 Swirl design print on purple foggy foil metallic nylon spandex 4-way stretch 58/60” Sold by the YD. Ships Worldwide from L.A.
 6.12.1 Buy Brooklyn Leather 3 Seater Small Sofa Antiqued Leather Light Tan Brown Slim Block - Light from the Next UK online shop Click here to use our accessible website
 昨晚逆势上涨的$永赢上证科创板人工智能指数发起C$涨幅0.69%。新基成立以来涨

* * *

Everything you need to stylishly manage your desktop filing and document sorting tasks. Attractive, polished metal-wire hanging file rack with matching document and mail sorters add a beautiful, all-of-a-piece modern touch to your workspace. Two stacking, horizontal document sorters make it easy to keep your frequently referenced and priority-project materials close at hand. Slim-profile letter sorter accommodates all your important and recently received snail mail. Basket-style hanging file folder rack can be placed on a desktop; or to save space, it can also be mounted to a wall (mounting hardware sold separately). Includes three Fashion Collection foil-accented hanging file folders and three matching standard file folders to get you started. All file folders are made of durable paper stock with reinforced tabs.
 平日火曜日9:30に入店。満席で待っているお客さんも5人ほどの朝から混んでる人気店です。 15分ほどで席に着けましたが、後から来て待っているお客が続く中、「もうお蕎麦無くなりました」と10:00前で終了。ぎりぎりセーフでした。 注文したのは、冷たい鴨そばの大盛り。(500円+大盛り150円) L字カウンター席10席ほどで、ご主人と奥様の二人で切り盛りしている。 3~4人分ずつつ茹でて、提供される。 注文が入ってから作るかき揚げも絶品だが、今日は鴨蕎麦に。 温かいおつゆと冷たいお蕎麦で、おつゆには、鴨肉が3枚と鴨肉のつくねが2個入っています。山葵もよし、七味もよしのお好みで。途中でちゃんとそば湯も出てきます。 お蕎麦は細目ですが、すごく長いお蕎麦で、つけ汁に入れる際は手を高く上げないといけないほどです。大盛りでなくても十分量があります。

==

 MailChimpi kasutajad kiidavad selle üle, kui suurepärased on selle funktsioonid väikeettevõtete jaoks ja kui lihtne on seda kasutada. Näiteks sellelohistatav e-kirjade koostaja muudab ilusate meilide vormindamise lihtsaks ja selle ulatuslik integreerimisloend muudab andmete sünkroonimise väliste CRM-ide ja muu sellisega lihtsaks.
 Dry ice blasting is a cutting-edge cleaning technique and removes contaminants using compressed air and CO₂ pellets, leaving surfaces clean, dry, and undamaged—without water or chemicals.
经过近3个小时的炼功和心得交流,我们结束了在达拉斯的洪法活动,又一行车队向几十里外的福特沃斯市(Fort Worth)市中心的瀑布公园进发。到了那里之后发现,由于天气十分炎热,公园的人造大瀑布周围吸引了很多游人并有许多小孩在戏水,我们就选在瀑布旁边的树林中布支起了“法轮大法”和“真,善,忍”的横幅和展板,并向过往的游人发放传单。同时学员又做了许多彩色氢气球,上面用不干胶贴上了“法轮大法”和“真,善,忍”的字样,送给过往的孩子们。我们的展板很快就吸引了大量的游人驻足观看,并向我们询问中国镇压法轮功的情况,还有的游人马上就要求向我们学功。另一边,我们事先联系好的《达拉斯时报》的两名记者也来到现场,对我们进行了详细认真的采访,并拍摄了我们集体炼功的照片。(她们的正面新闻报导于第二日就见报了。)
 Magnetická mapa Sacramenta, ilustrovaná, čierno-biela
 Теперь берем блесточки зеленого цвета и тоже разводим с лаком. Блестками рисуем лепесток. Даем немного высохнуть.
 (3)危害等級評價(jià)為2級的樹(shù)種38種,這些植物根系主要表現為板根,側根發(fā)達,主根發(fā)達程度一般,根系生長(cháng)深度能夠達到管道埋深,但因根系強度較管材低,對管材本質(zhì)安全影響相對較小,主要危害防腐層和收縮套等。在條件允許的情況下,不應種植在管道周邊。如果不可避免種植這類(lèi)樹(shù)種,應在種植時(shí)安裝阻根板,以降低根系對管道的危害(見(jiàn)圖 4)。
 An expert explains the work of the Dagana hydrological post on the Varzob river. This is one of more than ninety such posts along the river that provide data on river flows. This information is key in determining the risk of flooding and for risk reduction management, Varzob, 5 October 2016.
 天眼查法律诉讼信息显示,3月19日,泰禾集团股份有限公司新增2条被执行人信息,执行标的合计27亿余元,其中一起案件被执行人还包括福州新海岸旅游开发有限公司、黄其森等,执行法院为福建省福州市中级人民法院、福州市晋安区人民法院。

▶ WORK ITEM
From the records above, transcribe without alteration every line from the one with "6.12.1 Buy Brooklyn" to the one with "昨晚逆势上涨的$永赢上证科创", inclusive.

▶ ANSWER SPACE
 6.12.1 Buy Brooklyn Leather 3 Seater Small Sofa Antiqued Leather Light Tan Brown Slim Block - Light from the Next UK online shop Click here to use our accessible website
 昨晚逆势上涨的$永赢上证科创板人工智能指数发起C$涨幅0.69%。新基成立以来涨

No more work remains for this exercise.